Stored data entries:
= = = =
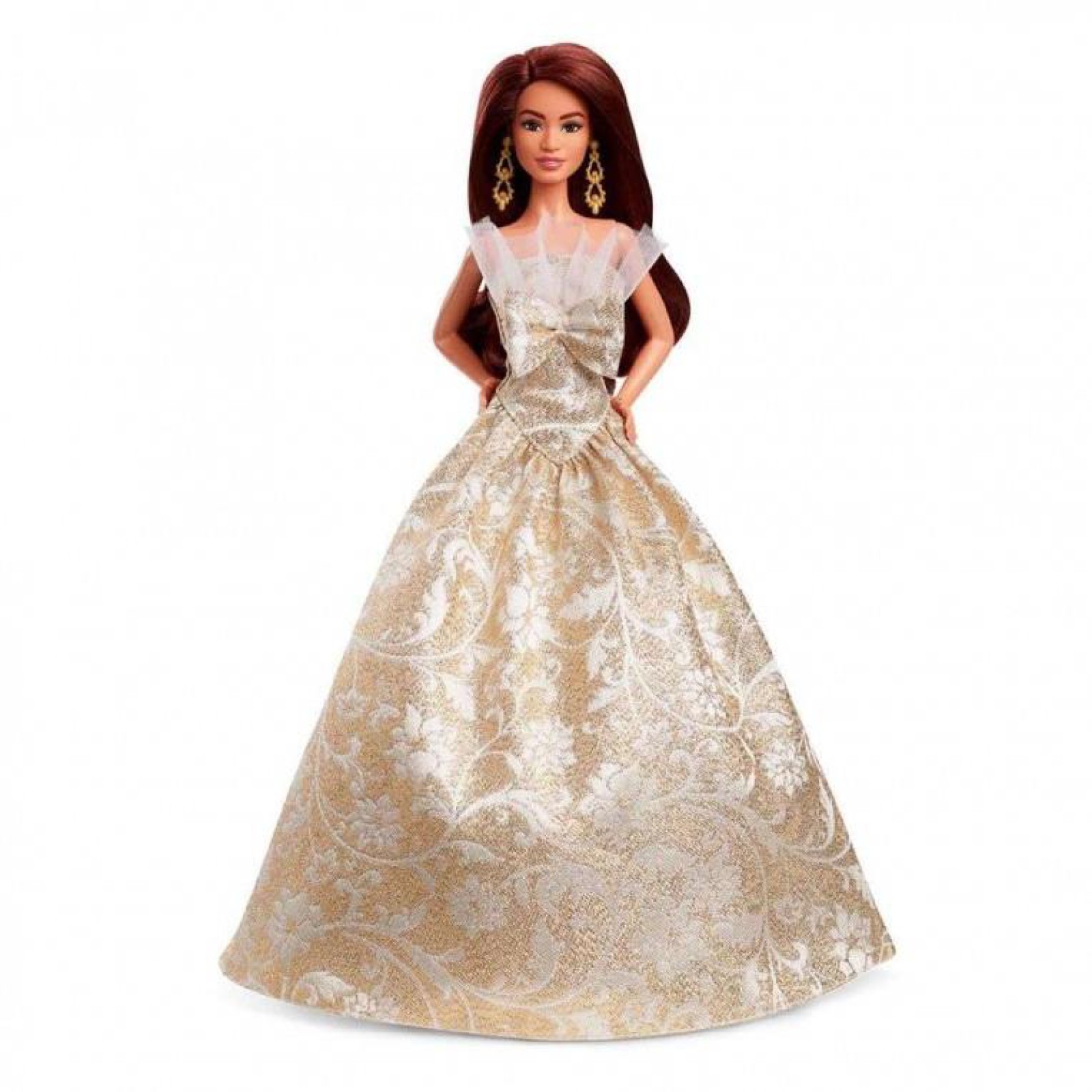Barbie'nin görkemli elbisesini altın rengi damla küpeler ve ışıltılı altın rengi topuklu ayakkabılar tamamlar.
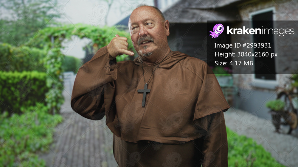 Man monk in brown robe makes call hand gesture to ear while wearing wooden cross necklace outside building courtyard and path; playful devotion.
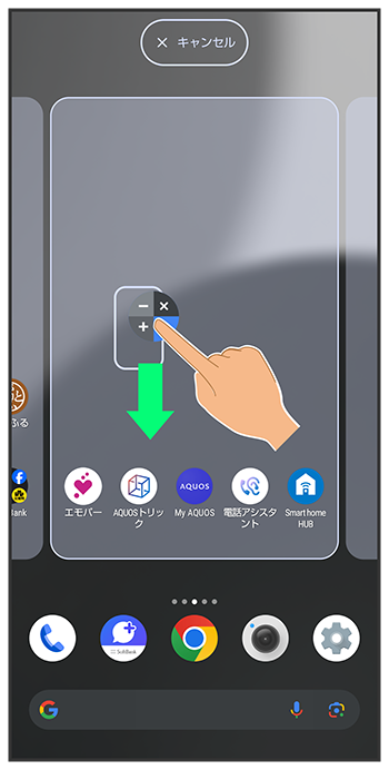 - 画面の端に表示されるシートまでドラッグすると、シートを切り替えて機能のショートカットを追加できます。一番右端のシートまでドラッグすると、シートを1枚増やして追加できます。
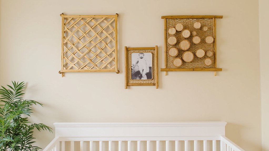 As you shape your nursery’s cozy vibe, consider adding bamboo wall decorations for a natural, serene touch. They’re lightweight, eco-friendly, and bring a calming warmth to the space. Hang them in about 30 minutes with minimal tools.
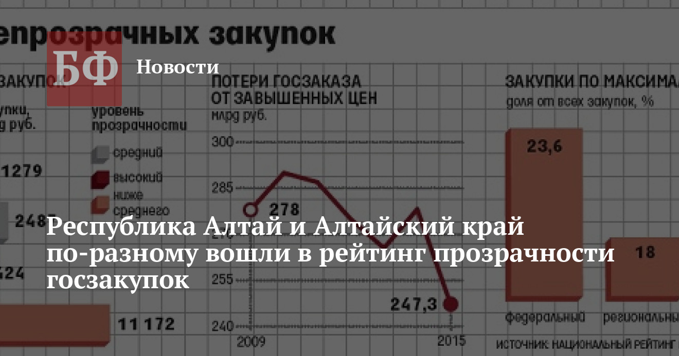 Составители ранжировали всех заказчиков по пяти уровням: гарантированная, высокая, средняя, базовая и низкая прозрачность закупок. Алтайский край попал в третью группу регионов — со средней прозрачностью, набрав 4043 баллла, что позволило занять место между Краснодарским краем и Кемеровской областью. Республика Алтай упала на самое дно рейтинга, расположившись на предпоследнем месте в категории «низкопрозрачных» субъектов. Показатель РА — 2742 балла, меньше лишь у Забайкальского края (2705). Лидирует в даном разделе Москва (5472).
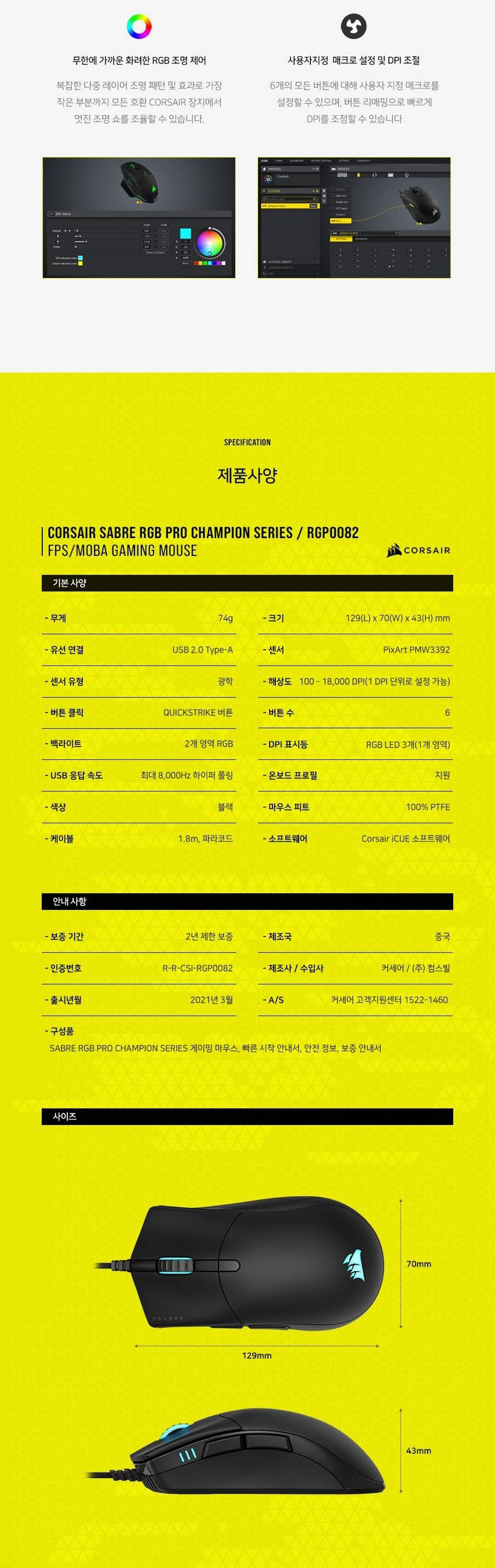 커세어 SABRE RGB PRO 게이밍 마우스
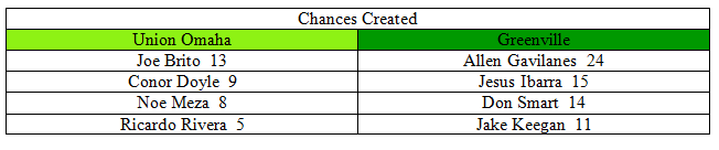 Greenville has four players in double digits for chances created and three of them are higher than Union Omaha’s highest chance creator:
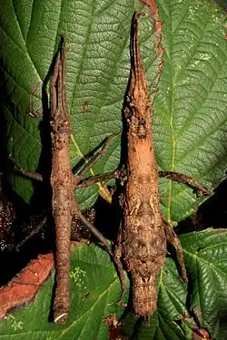 - ^ a b Bank, S.; Buckley, T. R.; Büscher, T. H.; Bresseel, J.; Constant, J.; de Haan, M.; Dittmar, D.; Dräger, H.; Kahar, R. S.; Kang, A.; Kneubühler, B.; Langton-Myers, S. & Bradler, S. (2021) Reconstructing the nonadaptive radiation of an ancient lineage of ground-dwelling stick insects (Phasmatodea: Heteropterygidae), Systematic Entomology, DOI: 10.1111/syen.12472
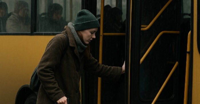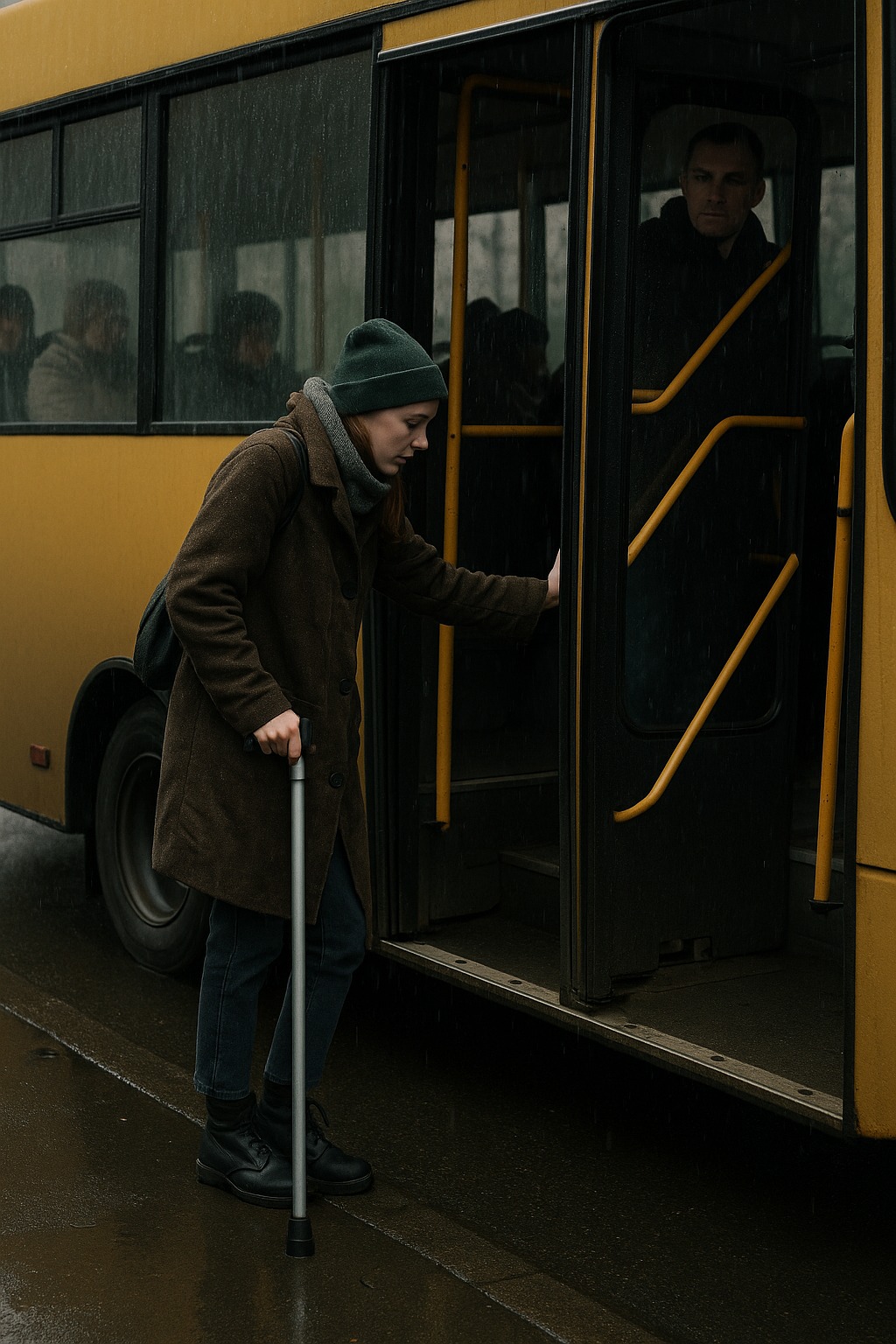 Deszczowy poranek. Na przystanku tłoczyli się ludzie – jedni chowali się pod parasolami, inni stali skuleni pod kapturami. Kiedy podjechał autobus, wszyscy rzucili się do środka, przepychając się, jakby od tego zależało ich życie.
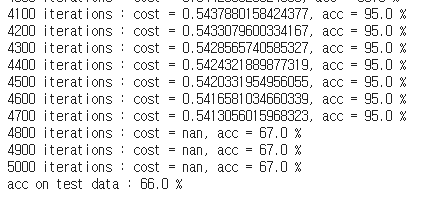 동일하게 cost에 nan가 나왔으나.. 이전과는 다르게 정확도가 유지되고 있습니다. 무슨 차이인지는 사실 잘 모르겠지만... 아마 파라미터가 유지되는 것으로 추측됩니다...
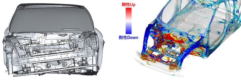 ●ダイナミクス性能を左右する操縦安定性の新たな指標として「新操安剛性マネジメント」を確立。ボディー剛性の最適化により、車体を軽量化すると同時に、コーナーリング時に車体がしなるような挙動を与えることで、タイヤへの荷重をコントロールし接地力を向上。これまでにない操縦安定性と軽快で気持ちの良い走りを実現。なお、この技術はEV向けのプラットフォームにも採用予定。
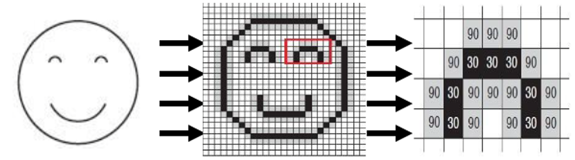 像(xiang)素:感光(guang)器件(jian)上的(de)(de)基本感光(guang)單元(yuan),即相機識別(bie)到的(de)(de)圖(tu)像(xiang)上的(de)(de)最(zui)小(xiao)單元(yuan)(圖(tu)中的(de)(de)每(mei)一個(ge)小(xiao)格就是一個(ge)像(xiang)素)。
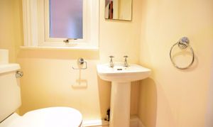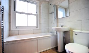 The refitted Bathroom is a balanced blend of modern and classic with sash window and relaxing bath adorned by panelled wood side alongside a heated towel rail and chic tiling. A shower over the bath is ideal for a refreshing start to the morning with the option of a sumptuous bath when relaxing.
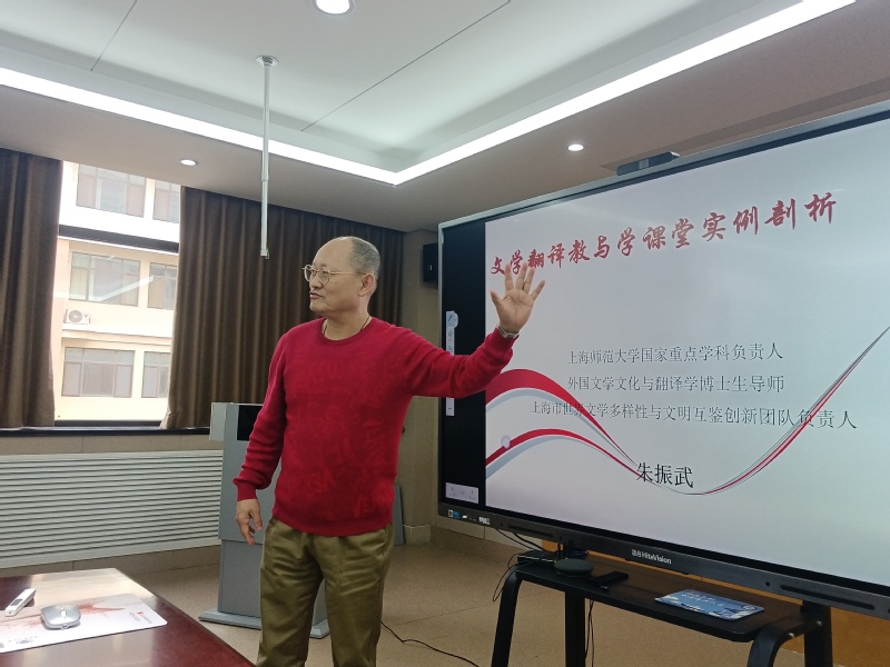 朱振武教授以“文学翻译教与学课堂实例剖析”为题,以其多年的翻译教学经验为出发点,分享了他对于翻译课程以及学生教育的看法。讲座开场,朱老师便指出:如今翻译专业的学生普遍缺乏文化素养,亟需通过广泛阅读来开阔眼界、增长见识。随后,朱老师结合大量实例,尤其是以美国诗人弗罗斯特的诗歌《雪夜林边驻足》的不同版本译文为例,分享了自己的翻译教学心得。朱老师广博的知识面和生动幽默的语言使得整场讲座气氛十分热烈。
= = = =
Set the pictures aside and retype exactly the lines above from the line with "Man monk in" to the line with "Greenville has four", both included, adding no others.

 Man monk in brown robe makes call hand gesture to ear while wearing wooden cross necklace outside building courtyard and path; playful devotion.
 - 画面の端に表示されるシートまでドラッグすると、シートを切り替えて機能のショートカットを追加できます。一番右端のシートまでドラッグすると、シートを1枚増やして追加できます。
 As you shape your nursery’s cozy vibe, consider adding bamboo wall decorations for a natural, serene touch. They’re lightweight, eco-friendly, and bring a calming warmth to the space. Hang them in about 30 minutes with minimal tools.
 Составители ранжировали всех заказчиков по пяти уровням: гарантированная, высокая, средняя, базовая и низкая прозрачность закупок. Алтайский край попал в третью группу регионов — со средней прозрачностью, набрав 4043 баллла, что позволило занять место между Краснодарским краем и Кемеровской областью. Республика Алтай упала на самое дно рейтинга, расположившись на предпоследнем месте в категории «низкопрозрачных» субъектов. Показатель РА — 2742 балла, меньше лишь у Забайкальского края (2705). Лидирует в даном разделе Москва (5472).
 커세어 SABRE RGB PRO 게이밍 마우스
 Greenville has four players in double digits for chances created and three of them are higher than Union Omaha’s highest chance creator:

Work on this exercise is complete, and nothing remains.